Plato therefore, whose authority I had much rather justly construe than
unjustly resist, meant not in general of poets, in those words of which Julius
Scaliger saith, Qua authoritate barbari quidam atque hispidi, abuti velint ad
poetas e republica exigendos;^38 but only meant to drive out those wrong
opinions of the Deity, whereof now, without further law, Christianity hath
taken away all the hurtful belief, perchance, as he thought, nourished by the
then esteemed poets. And a man need go no further than to Plato himself to
know his meaning; who, in his dialogue called Ion, giveth high and rightly
divine commendation unto poetry. So as Plato, banishing the abuse, not the
thing, not banishing it, but giving due honor unto it, shall be our patron and
not our adversary. For, indeed, I had much rather, since truly I may do it,
show their mistaking of Plato, under whose lion`s skin they would make an ass
- like braying against poesy, than go about to overthrow his authority; whom,
the wiser a man is, the more just cause he shall find to have in admiration;
especially since he attributeth unto poesy more than myself do, namely to be a
very inspiring of a divine force, far above man`s wit, as in the forenamed
dialogue is apparent.
[Footnote 38: "Which authority [i. e., Plato`s] some barbarous and rude
persons wish to abuse, in order to banish poets from the state." - Scaliger,
"Poetics," 5. a, 1.]
Of the other side, who would show the honors have been by the best sort
of judgments granted them, a whole sea of examples would present themselves:
Alexanders, Caesars, Scipios, all favorers of poets; Laelius, called the Roman
Socrates, himself a poet, so as part of Heautontimoroumenos in Terence was
supposed to be made by him. And even the Greek Socrates, whom Apollo confirmed
to be the only wise man, is said to have spent part of his old time in putting
Aesop`s Fables into verses; and therefore full evil should it become his
scholar, Plato, to put such words in his master`s mouth against poets. But
what needs more? Aristotle writes the Art of Poesy; and why, if it should not
be written? Plutarch teacheth the use to be gathered of them; and how, if they
should not be read? And who reads Plutarch`s either history or philosophy,
shall find he trimmeth both their garments with guards^39 of poesy. But I list
not to defend poesy with the help of his underling historiography.
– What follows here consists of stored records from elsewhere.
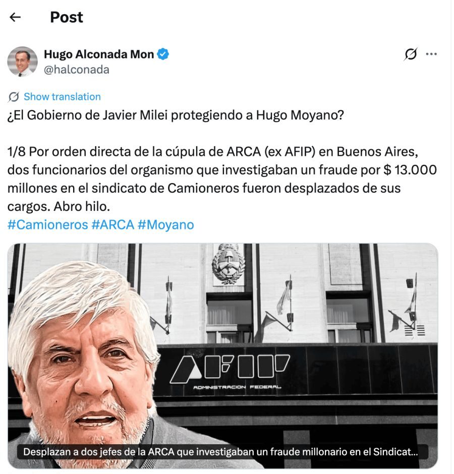 Una serie de movimientos internos en la cúpula de ARCA (ex AFIP) ha encendido las alarmas sobre un posible pacto de no agresión entre el Poder Ejecutivo y el sindicato de Camioneros. Según la investigación revelada por Hugo Alconada Mon, dos jefes de fiscalización de la Regional Mar del Plata fueron desplazados de sus cargos tras negarse a congelar una investigación por fraude millonario que involucra directamente a la estructura de Hugo Moyano.
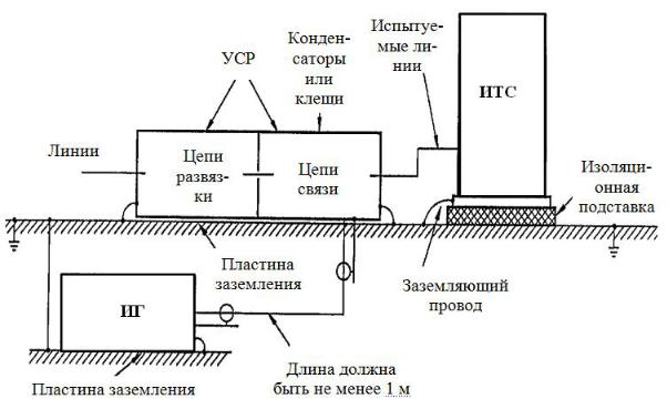 Лабораторная установка, структурная схема которой при испытании на устойчивость к наносекундным импульсным помехам приведена на рис. 4.1, включает в себя следующее испытательное оборудование и устройства: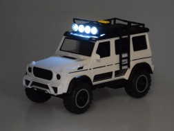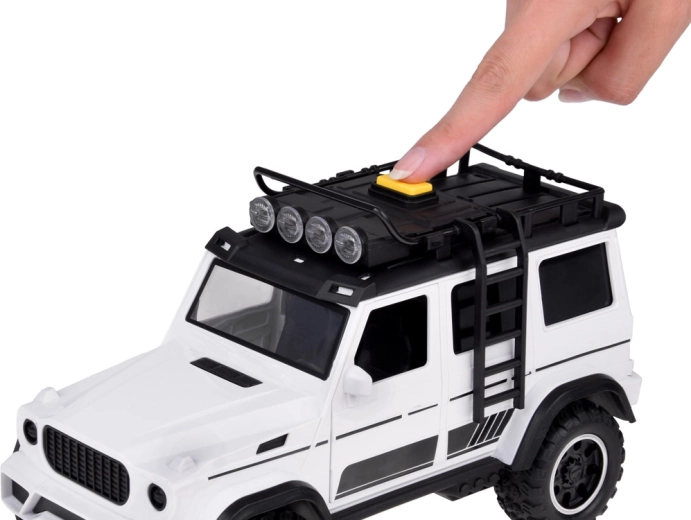 Når den øverste knap trykkes, tændes LED-lys, og horn eller advarselssignaler lyder – en oplevelse som i en ægte offroader.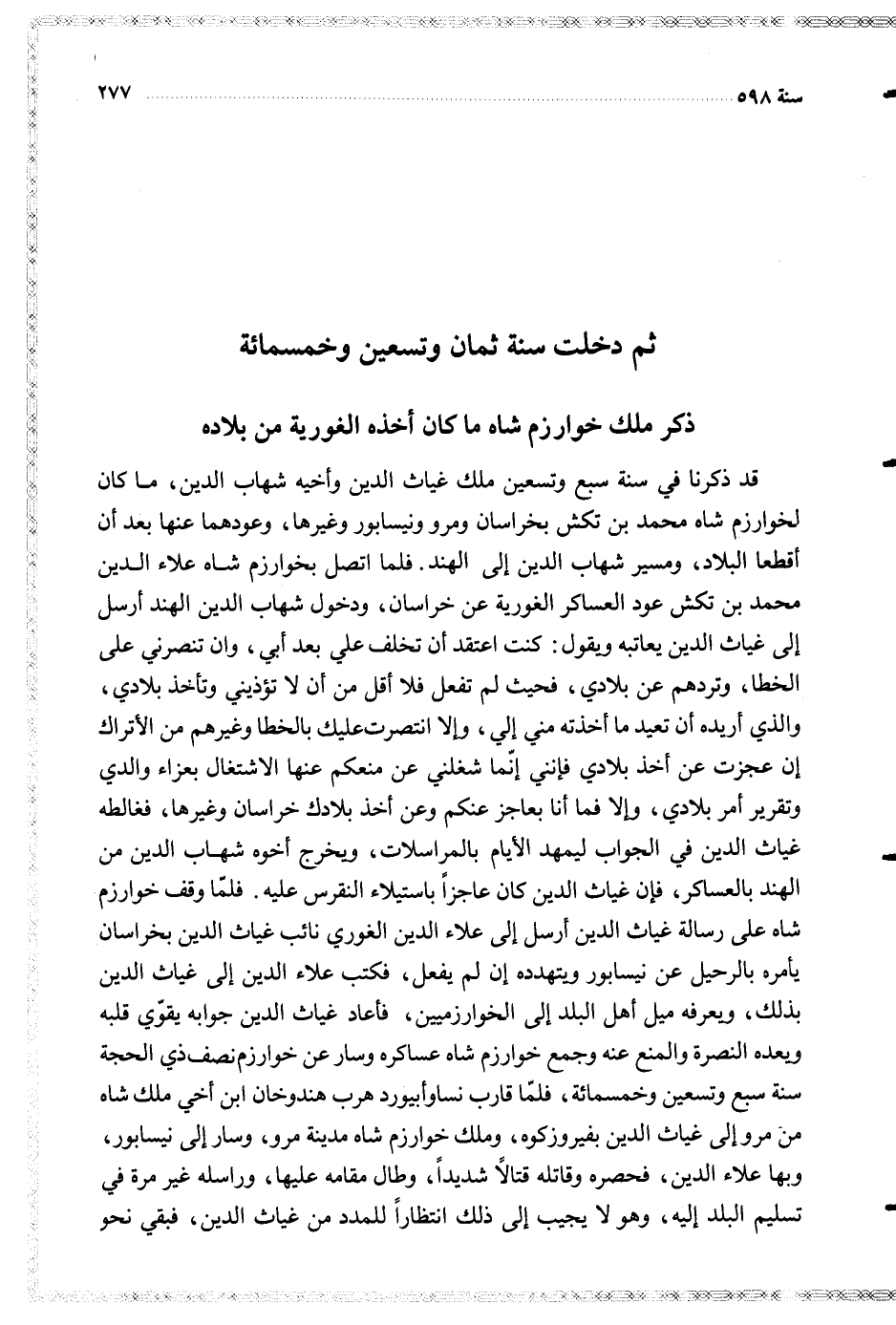 قد ذكرنا في سنة وتعسين ملك غياث الدين أوخيه شهاب الدين ما كان لخوارزم شاه محمد بن تكش بخراسان ومرو ونيسابور وغيرها وعودهما عنها بعد إن أقطعا البلاد ومسير شهاب الدين إلى الهند

Let it
suffice that it is a fit soil for praise to dwell upon; and what dispraise may
set upon it, is either easily overcome, or transformed into just commendation.
[Footnote 39: Ornaments.]
So that since the exellencies of it may be so easily and so justly
confirmed, and the low-creeping objections so soon trodden down: it not
being an art of lies, but of true doctrine; not of effeminateness, but of
notable stirring of courage; not of abusing man`s wit, but of strengthening
man`s wit; not banished, but honored by Plato; let us rather plant more
laurels for to engarland our poets` heads - which honor of being laureate, as
besides them only triumphant captains were, is a sufficient authority to show
the price they ought to be held in - than suffer the ill - savored breath of
such wrong speakers once to blow upon the clear springs of poesy.